If ` (x)/( xa + yb + zx) = (y)/( y a + zb + xc) = (z)/( za + xb + yc) and x + y + z ne 0` then each ratio is

To solve the given problem, we start with the ratios: \[ \frac{x}{xa + yb + zc} = \frac{y}{ya + zb + xc} = \frac{z}{za + xb + yc} \] Let us denote the common ratio by \( k \). Therefore, we can write: 1. \( \frac{x}{xa + yb + zc} = k \) 2. \( \frac{y}{ya + zb + xc} = k \) 3. \( \frac{z}{za + xb + yc} = k \) From these equations, we can express \( x, y, z \) in terms of \( k \): ### Step 1: Express \( x \) From the first equation: \[ x = k(xa + yb + zc) \] This can be rewritten as: \[ x = kxa + kyb + kzc \] Rearranging gives: \[ x - kxa = kyb + kzc \] Factoring out \( x \): \[ x(1 - ka) = kyb + kzc \] Thus, we have: \[ x = \frac{kyb + kzc}{1 - ka} \quad \text{(1)} \] ### Step 2: Express \( y \) From the second equation: \[ y = k(ya + zb + xc) \] This can be rewritten as: \[ y = kya + kzb + kxc \] Rearranging gives: \[ y - kya = kzb + kxc \] Factoring out \( y \): \[ y(1 - ka) = kzb + kxc \] Thus, we have: \[ y = \frac{kzb + kxc}{1 - kb} \quad \text{(2)} \] ### Step 3: Express \( z \) From the third equation: \[ z = k(za + xb + yc) \] This can be rewritten as: \[ z = kza + kxb + kyc \] Rearranging gives: \[ z - kza = kxb + kyc \] Factoring out \( z \): \[ z(1 - ka) = kxb + kyc \] Thus, we have: \[ z = \frac{kxb + kyc}{1 - kc} \quad \text{(3)} \] ### Step 4: Establish the ratios Now we can see that we have expressed \( x, y, z \) in terms of \( k \).
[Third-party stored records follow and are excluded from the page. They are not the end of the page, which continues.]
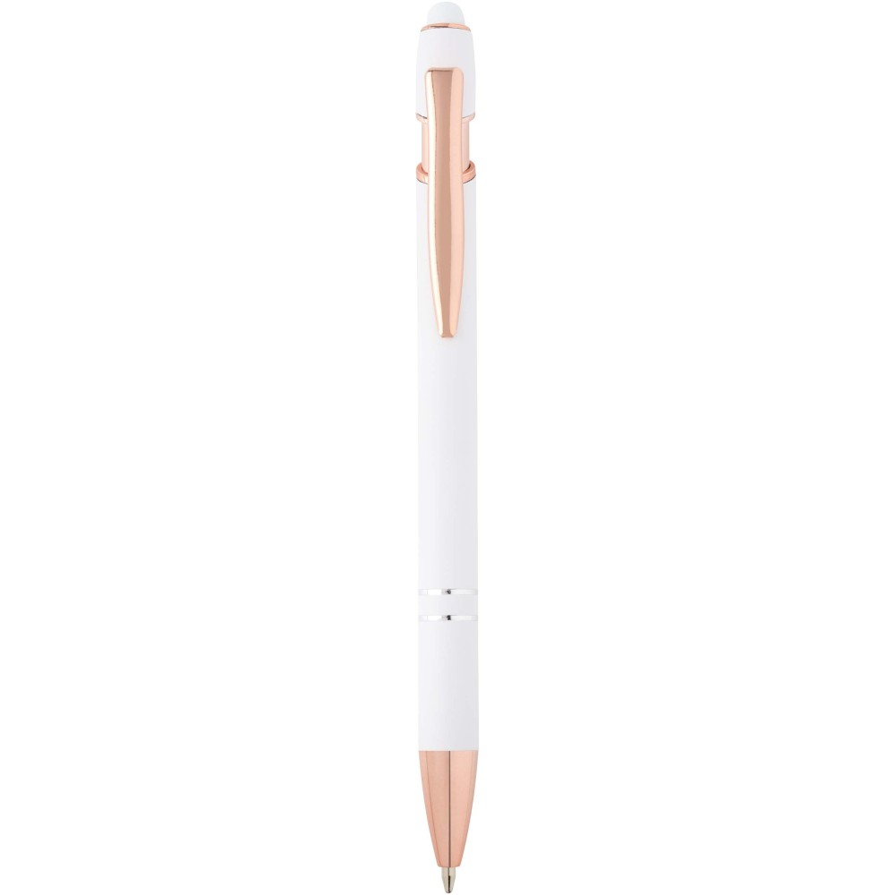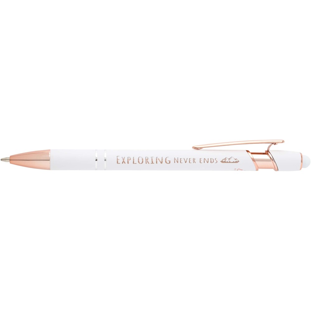 Nanna golyóstoll elegáns rózsaarany színben. A toll teste újrahasznosított alumíniumból, az érintőceruza pedig szilikonból készült, így érintőképernyős eszközökhöz is használható. Az újrahasznosított alumínium csökkenti a hulladéklerakók terhelését, segít megőrizni a természeti erőforrásokat, és célja az üvegházhatású gázok kibocsátásának mérséklése. Tinta színe: kék. Íráshossz: 800 méter. Tollhegy mérete: 1,0 mm. Emblémázás: Gravírozás, UV nyomtatás
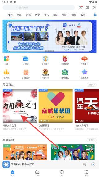1、打開聽聽fm應(yīng)用軟件,在首頁的節(jié)目互動(dòng)下,選擇并點(diǎn)擊喜歡的節(jié)目。
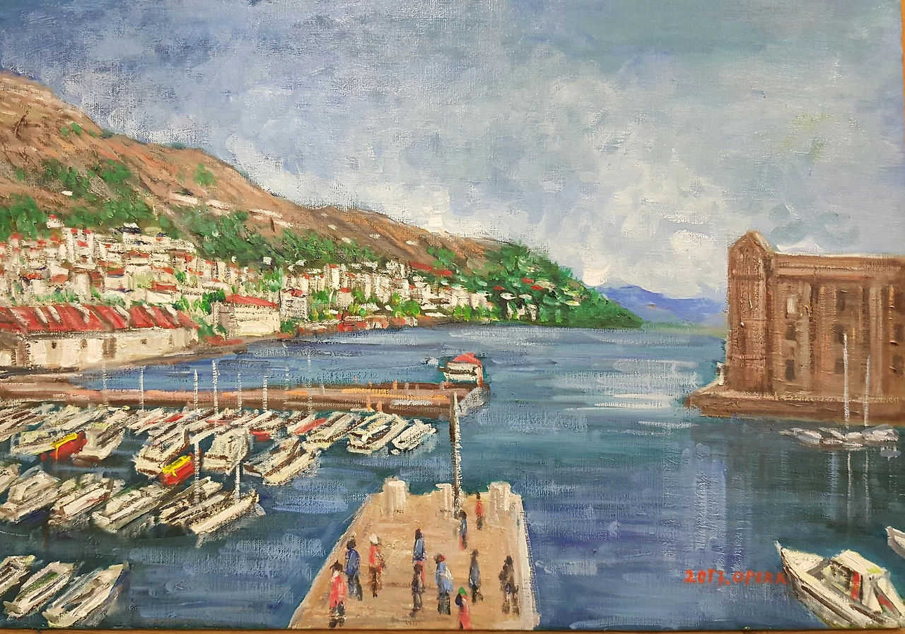 유람선을 기다리는 선착장과 추억하며 그린 유화
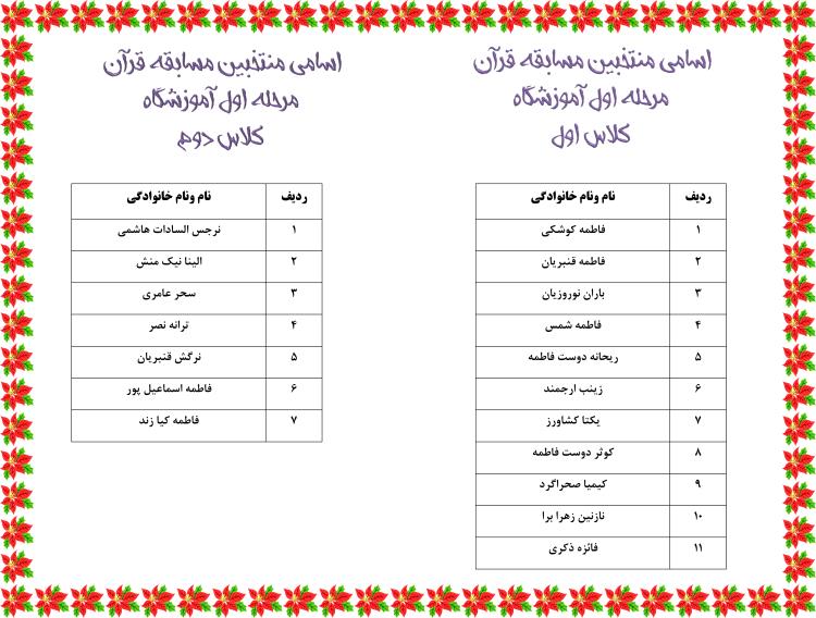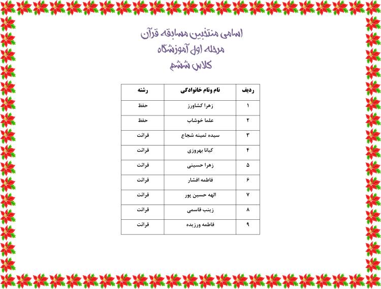 احترام اسامی منتخبین مسابقات قرآن مرحله اول آموزشگاه اعلام می گردد.

Since \( x + y + z \neq 0 \), we can analyze the ratios: From equations (1), (2), and (3), we can conclude that: \[ \frac{x}{y} = \frac{yb + zc}{zb + xc} \] \[ \frac{y}{z} = \frac{zb + xc}{xc + ya} \] \[ \frac{z}{x} = \frac{xc + ya}{yb + zc} \] ### Final Conclusion Since all three ratios are equal to \( k \), we can conclude that: \[ \frac{x}{y} = \frac{y}{z} = \frac{z}{x} = k \] Thus, each ratio is equal to a constant \( k \).